Add a part to the Manufacturer parts manager. Make sure to fill out as many part properties as you can so it is easy to search for your new manufacturer part in the future. For this example, I filled out the Part Name, Manufacturer Name, Class, Root Mark, Description, and added the appropriate circuit information to the part.
Add a symbol to the Symbols manager and associate it to the Manufacturer part that we just created. This is done by filtering on the Manufacturer that you created in Step 1 and selecting the part that was created in Step 1. Make sure to give your symbol a descriptive name and classification so we can easily search for it in the future.
Open up the blank symbol that you associated to your manufacturer part in Steps 1 and 2. Now we will draw our symbol using lines and shapes, add connection points for wires, and attributes that tie our manufacturer information to the symbol. Make sure to select a workable snap and grid spacing when creating this symbol, which can be done by right clicking the status bar in the lower right. I typically use a distance of 0.1 to keep my symbols concise, but usable in my schemes.
The final step is to now insert our symbol into the schematic. This can be done by using the description in the Find bar of the symbols palette on the side panel, or by adding a symbol from the command manager schematic tab and filtering for our created manufacturer and part. Once the symbol is added to the scheme, you will notice that I did not have to add any manufacturer part information because it is already built into this symbol.
This approach to creating symbols can be a huge time saver if you are consistently using the same manufacturer parts. It gives you the ability to search for symbols with specific qualities that are needed for your designs, while giving you the peace of mind that all the data inside the manufacturer part is accurate.

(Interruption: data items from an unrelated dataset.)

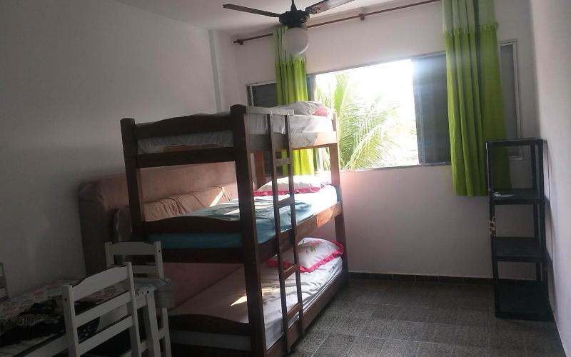 Dormitórios Flexíveis: O apê conta com 1 colchão de casal, 1 colchão de solteiro, 1 beliche e um confortável sofá-cama de casal na sala.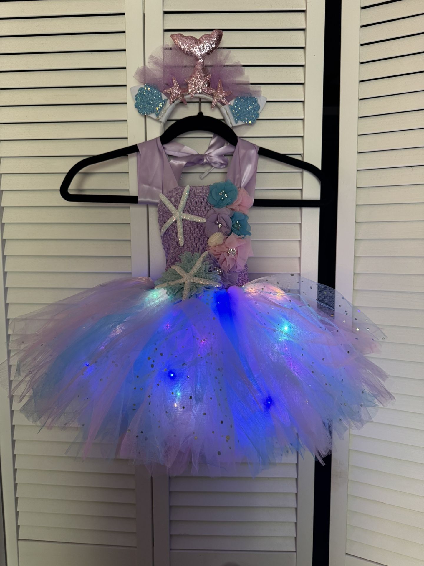 Size small girls mermaid costume. Light-up headband and dress. Perfect for Halloween or your next photo shoot.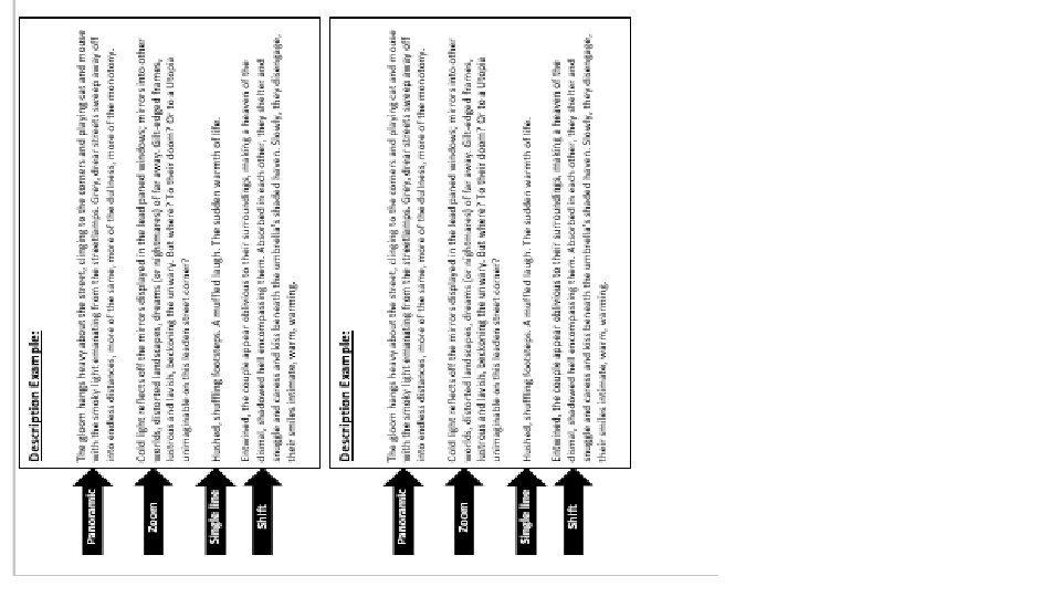 Describing a character or place using SHOW DON’T TELL Brief version - ‘TELLS’ the reader Sally is disorganised (weak writing) Sally, who worked in a newspaper office, was very disorganized. Detailed version - ‘SHOWS’ the reader Sally is disorganised (effective writing) As she sat down at her desk, Sally heaped a pile of letters and files onto the top of her in-tray. She Brief version – ‘TELLS’ the reader the street was covered in snow (weak writing) When I woke in the morning, I saw my street was covered in snow. Detailed version – ‘SHOWS’ the reader the street was covered in snow (effective writing) I emerged from beneath my duvet to see that my street was covered in a white, glistening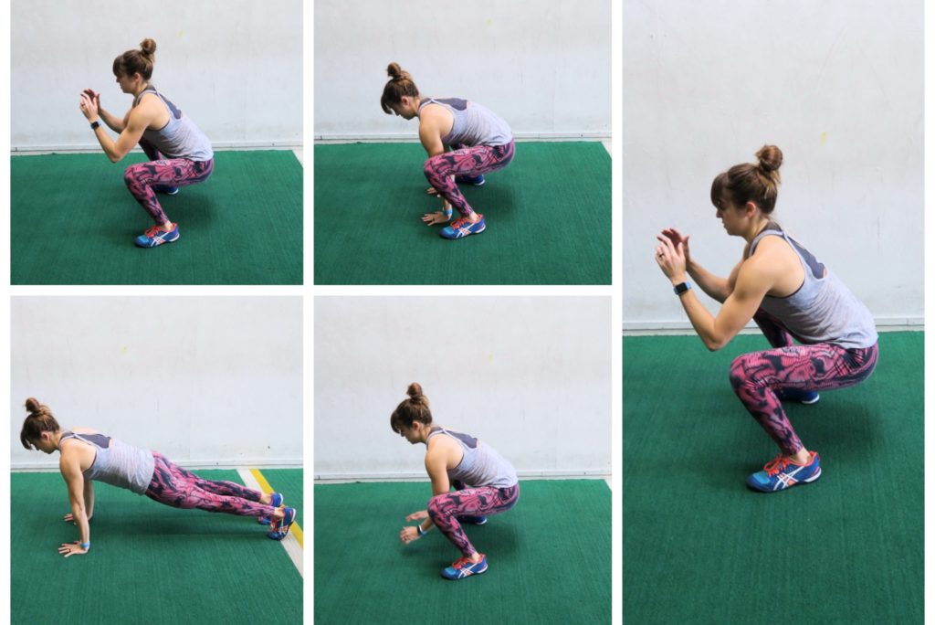 Встаньте прямо, поставив ноги на ширине бёдер. Опуститесь динамично вниз, положив ладони на пол. Сделайте прыжок ногами назад. Без паузы сделайте прыжок вперёд, чтобы оказаться снова на корточках. Встаньте прямо, заведя бёдра назад. Это – одно повторение.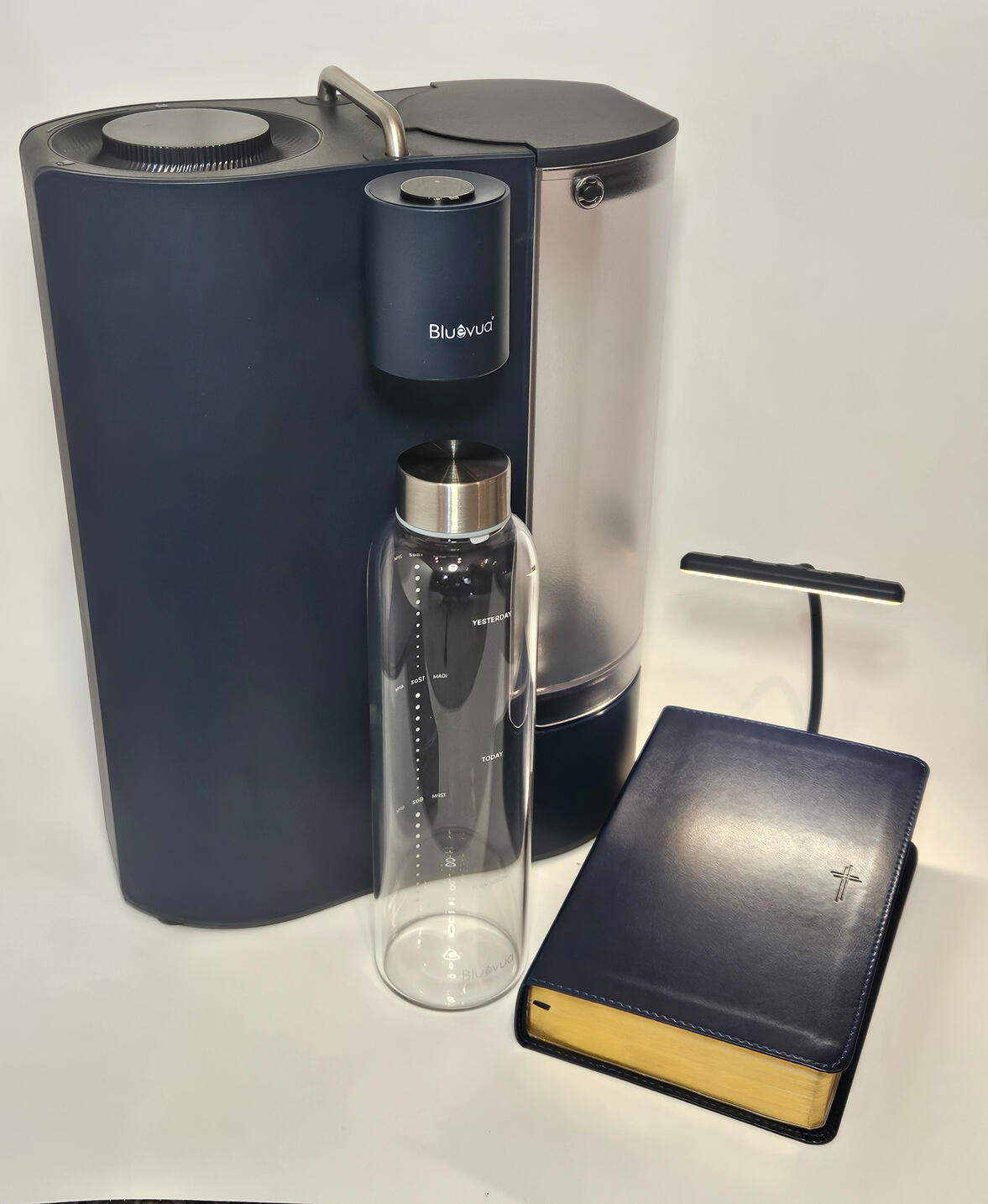 A complete portable water filtration system paired with faith-based encouragement materials — prepared with care and delivered with dignity.

This example showed how we can tie a manufacturer’s part to a specific symbol. We could have also taken the approach of tying a symbol to a manufacturer’s part, which allows the user to create a scheme based on a predefined Bill of Materials. Also, we could have created a macro to store the schematic data for the symbol and part, which could be reused at any point across projects. The software allows for end user flexibility in order to fit into your companies workflow.